Dataset entries ::
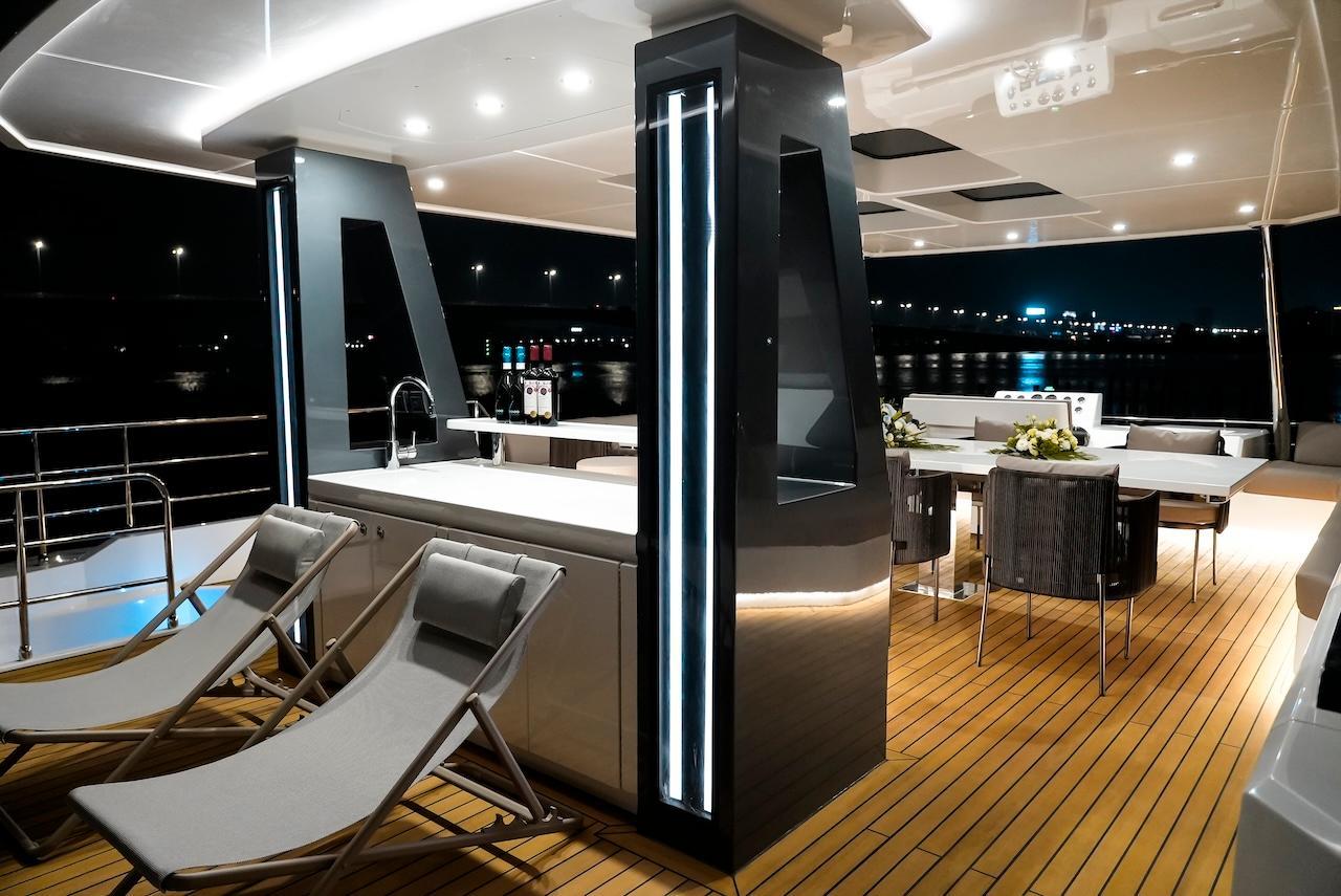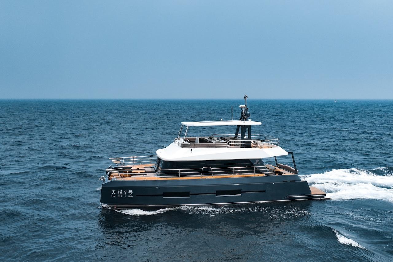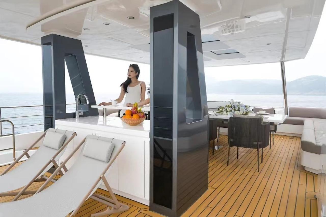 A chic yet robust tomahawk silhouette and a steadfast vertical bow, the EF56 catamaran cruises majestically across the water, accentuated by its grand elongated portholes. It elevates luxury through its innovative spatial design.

==

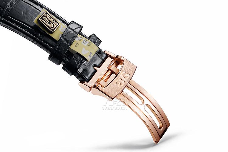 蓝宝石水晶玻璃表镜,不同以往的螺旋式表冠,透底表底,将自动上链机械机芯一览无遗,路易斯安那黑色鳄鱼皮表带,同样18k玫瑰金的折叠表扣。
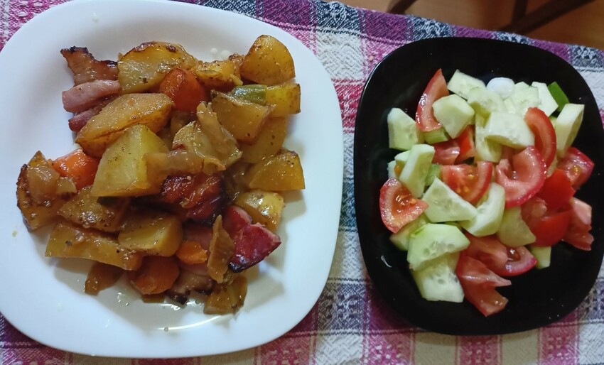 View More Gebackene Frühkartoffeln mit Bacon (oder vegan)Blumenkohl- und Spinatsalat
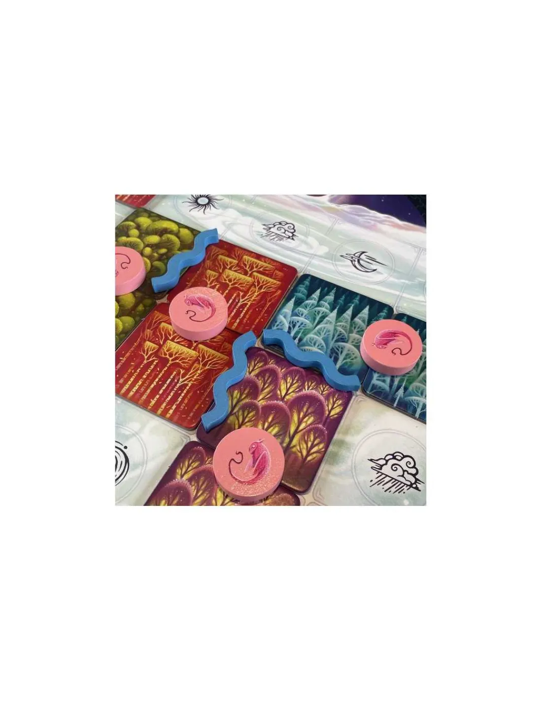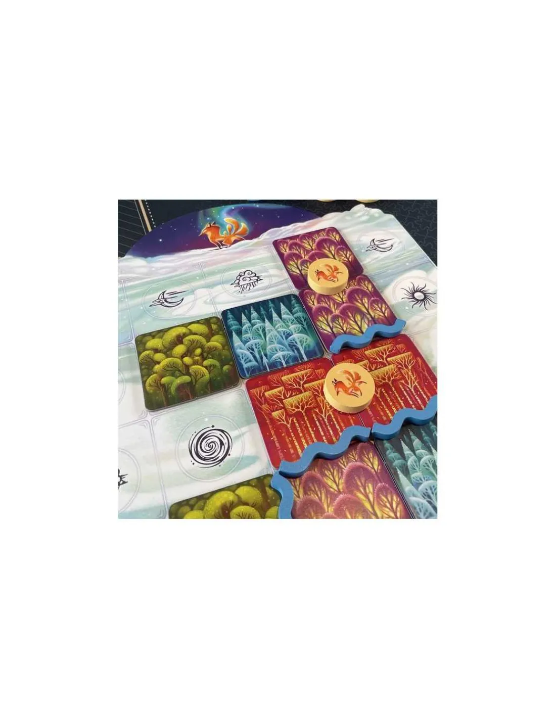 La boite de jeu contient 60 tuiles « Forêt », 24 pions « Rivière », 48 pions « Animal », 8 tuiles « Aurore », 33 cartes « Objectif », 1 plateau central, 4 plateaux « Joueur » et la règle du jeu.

What the task asks :: Reproduce exactly the lines of the data above that run from the line with "View More Gebackene" down to the line with "La boite de", both ends included. Pictures do not belong in the copy.

Answer section ::
 View More Gebackene Frühkartoffeln mit Bacon (oder vegan)Blumenkohl- und Spinatsalat
 La boite de jeu contient 60 tuiles « Forêt », 24 pions « Rivière », 48 pions « Animal », 8 tuiles « Aurore », 33 cartes « Objectif », 1 plateau central, 4 plateaux « Joueur » et la règle du jeu.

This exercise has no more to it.